Atendendo a que 'a necessidade de dotar o nosso país de um adequado `direito de mera ordenação social' vem sendo, de há muito e de muitos lados, assinalada', e porque 'tanto no plano da reflexão teórica como no da aplicação prática do direito se sente cada vez mais instante a necessidade de dispor de um ordenamento sancionário alternativo e diferente do direito criminal', o Decreto-Lei nº 232/79, de 24 de Julho, aprovado sob o impulso do Prof. Eduardo Correia, Ministro da Justiça do IV Governo Constitucional, veio instituir no nosso ordenamento jurídico o regime do ilícito de mera ordenação social.

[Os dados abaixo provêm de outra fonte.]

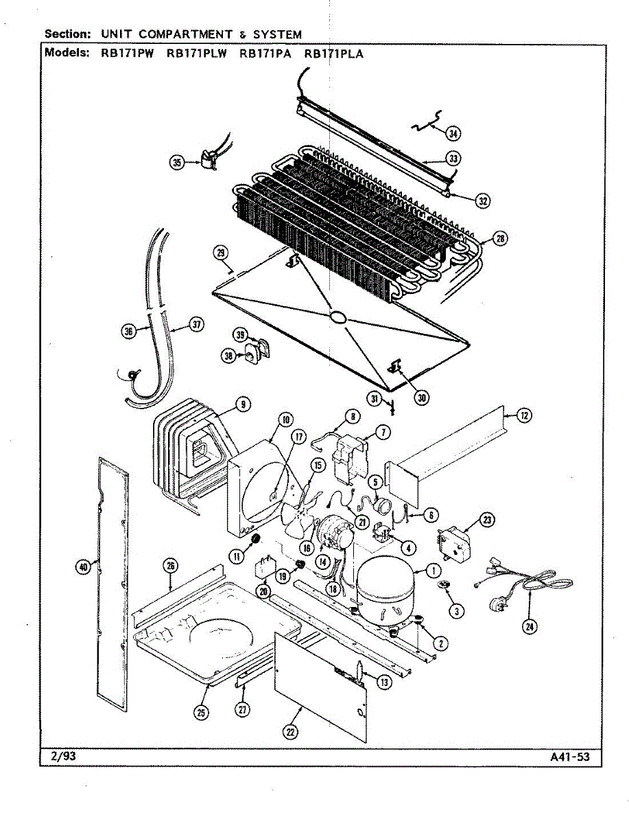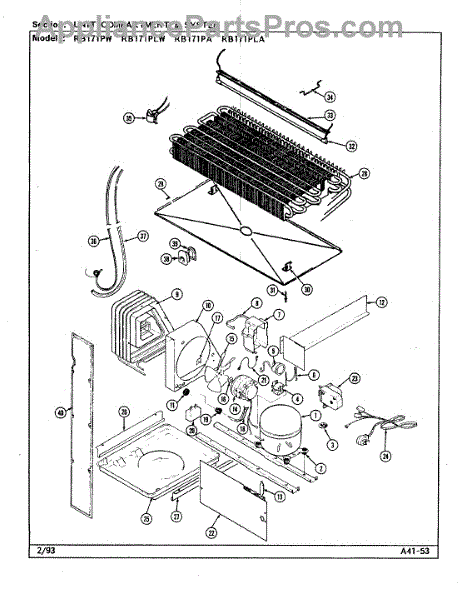 Plastic defrost pan. Evaporator pan hangs from side rails and rests on compressor.

E logo houve ensejo, no respectivo texto preambular, de se deixarem assinalados alguns traços essenciais, caracterizadores da natureza própria do direito de mera ordenação social, especialmente no plano da sua relaçionação com o direito criminal.

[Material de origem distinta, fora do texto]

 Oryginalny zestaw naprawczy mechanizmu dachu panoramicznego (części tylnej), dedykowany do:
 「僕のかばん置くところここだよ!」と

A este respeito, ali se escreveu:
'Sabe-se, por outro lado, como o direito de mera ordenação social tem sido, na
última década, objecto de cuidada e persistente reflexão tanto por parte da doutrina estrangeira como da doutrina portuguesa. Por isso é que, a par de alguns pontos de controvérsias que persistem, se registam já consideráveis áreas de consenso ou mesmo de unanimidade. Como acontece, manifestamente, quanto à distinção entre o direito de mera ordenação social e o direito penal.
Hoje é pacífica a ideia de que entre os dois ramos de direito medeia uma autêntica diferença: não se trata apenas de uma diferença de quantidade ou puramente formal, mas de uma diferença de natureza. A contra-ordenação `é um aliud que se diferencia qualitativamente do crime na medida em que o respectivo ilícito e as reacções que lhe cabem não são directamente fundamentáveis num plano ético-jurídico, não estando, portanto, sujeitas aos princípios e corolários do direito criminal' (Eduardo Correia, Direito penal e direito de mera ordenação social, in Boletim da Faculdade de Direito, Coimbra, 1973, p.
268)'.
Entretanto, porque o Presidente da Assembleia da República e o Procurador-Geral da República solicitaram, nos termos do artigo
281º, nº 1, da versão originária da Constituição, ao Conselho da Revolução a apreciação e declaração da inconstitucionalidade do Decreto-Lei nº 232/79 (o qual, aliás, foi parcialmente revogado pelo Decreto-Lei nº 411-A/79, de 1 de Outubro), veio aquele diploma a ser objecto de um parecer da Comissão Constitucional, concretamente o Parecer nº 4/81, publicado em Pareceres da Comissão Constitucional, 14º vol., pp. 205 a 272, no qual se tratou longamente daquele tema, fazendo-se minuciosa referência às posições mais significativas da doutrina portuguesa e estrangeira.
E, na linha de orientação já traçada no preâmbulo do respectivo diploma, a Comissão Constitucional, a propósito da natureza do ilícito de mera ordenação social, ponderou o seguinte:
'Historicamente, a designação e regulamentação das contra-ordenações e do chamado ilícito de mera ordenação social tem a sua origem na evolução da dogmática penal alemâ e da evolução legislativa no período subsequente à II Guerra Mundial, coroando a teorização que vinha sendo feita desde o início do século, em matéria do chamado direito penal administrativo. Como escreve Jescheck: `Depois de 1945 surgiu, ao lado dos crimes, delitos e contravenções, uma quarta categoria de violações, que são cominadas com sanção estadual repressiva: as contra-ordenações. Estas retomam o velho direito penal administrativo de uma forma mais alargada e adequada às exigências do Estado de Direito'.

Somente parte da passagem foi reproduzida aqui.